IRVINE, CA – The latest study from Kelley Blue Book Marketing Research, New Vehicle Buyer Attitude Study on Financing, finds that six out of 10 people who are about to buy a new vehicle prefer a longer-term loan with low monthly payments when financing their next vehicle. Industry estimates are that nearly 30 percent of new-vehicle shoppers currently owe more on their vehicle than it is worth.

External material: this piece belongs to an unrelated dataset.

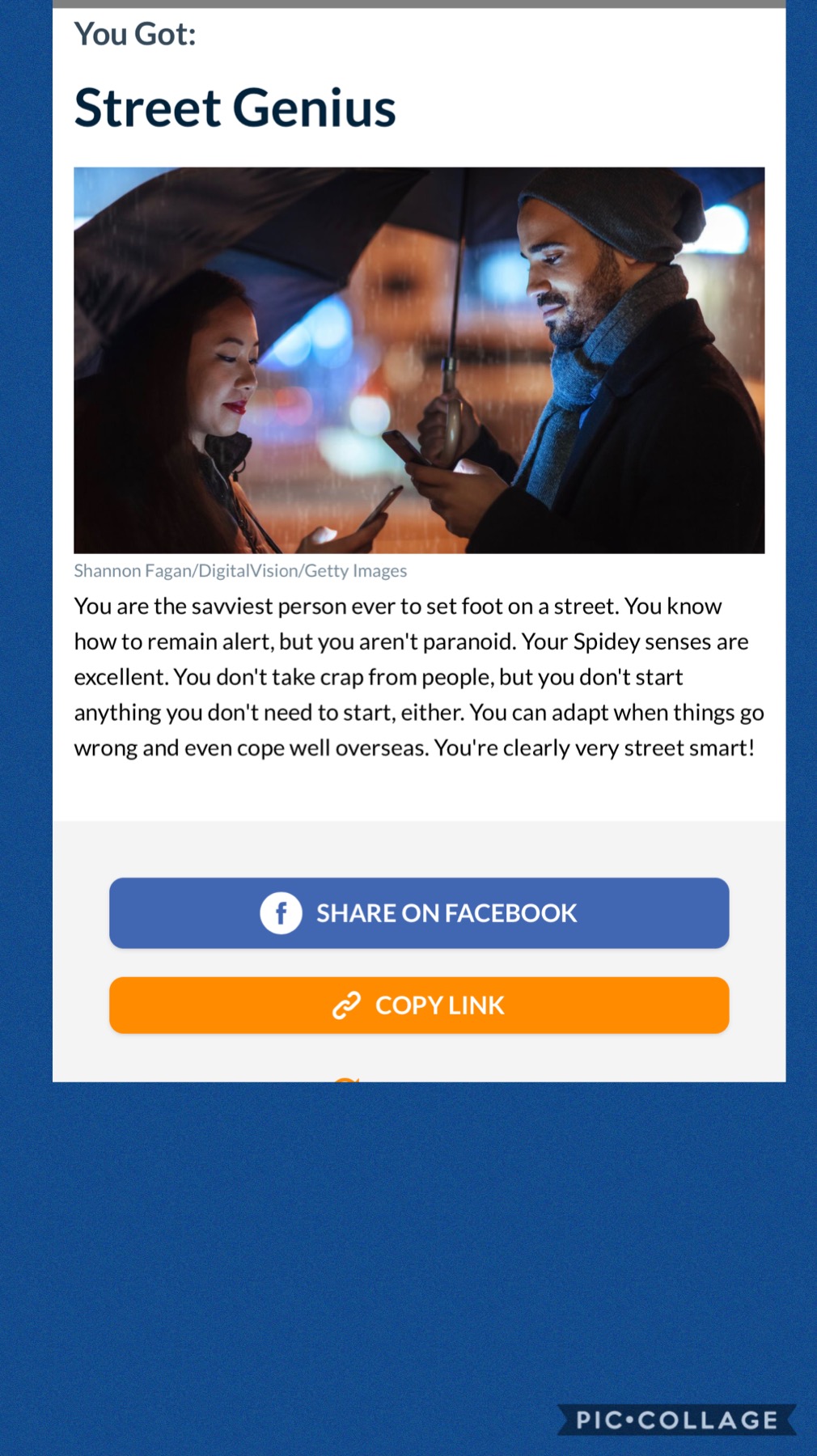 Betty123 писал(а): Ваше определение? Это кто? Это я You Got: Street Genius You are the savviest person ever to set foot on a street. You know how to remain alert, but you aren't paranoid. Your Spidey senses are excellent. You don't take crap from people, but you don't start anything you don't need to start, either. You can adapt when things go wrong and even cope well overseas. You're clearly very street smart!

Additionally, the average term for a consumer vehicle loan grew from 48 months in 2000 to 63 months in 2004. These consumers who are "upside-down" in their current vehicle loan could put themselves further into financial jeopardy by extending their next new-vehicle loan past the average four-to-five year term, yet as a group they do not seem concerned about the ramifications.
"Consumers who purchased vehicles with little or no money down and for a six- or seven-year term, will find they owe more than the car is worth when seeking out their next new vehicle," said Jack R. Nerad, editorial director of Kelley Blue Book's kbb.com. "This negative equity leaves future buyers two unpalatable choices: either stay in their current vehicle longer or pile on still more debt."
Both choices have negative implications for carmakers. If this one-third of the market keeps their vehicles longer, new sales and growth potential will be stymied in what is already a sluggish new-vehicle market. And if consumers add more debt, carmakers can expect more defaults on vehicle loans and bankruptcies, costing carmakers' captive finance arms millions and limiting market growth.
"Just as an over-reliance on low-cost, subsidized leases came back to bite manufacturers and financial institutions in the 1990s, so too could the move to increasingly longer loan terms in this decade," Nerad said.
The 2005 Finance study also found a declining number of consumers researching their financing options online prior to purchase than 18 months previously. Consumers cited convenience and the expectation of low interest rates from manufacturers as their reason for obtaining financing through the dealership. This finding is in line with Jupiter Research, which recently reported that in 2004 a significant number of consumers who research their auto purchases online believed dealers to be a better source of financing information than they perceived the Internet to be.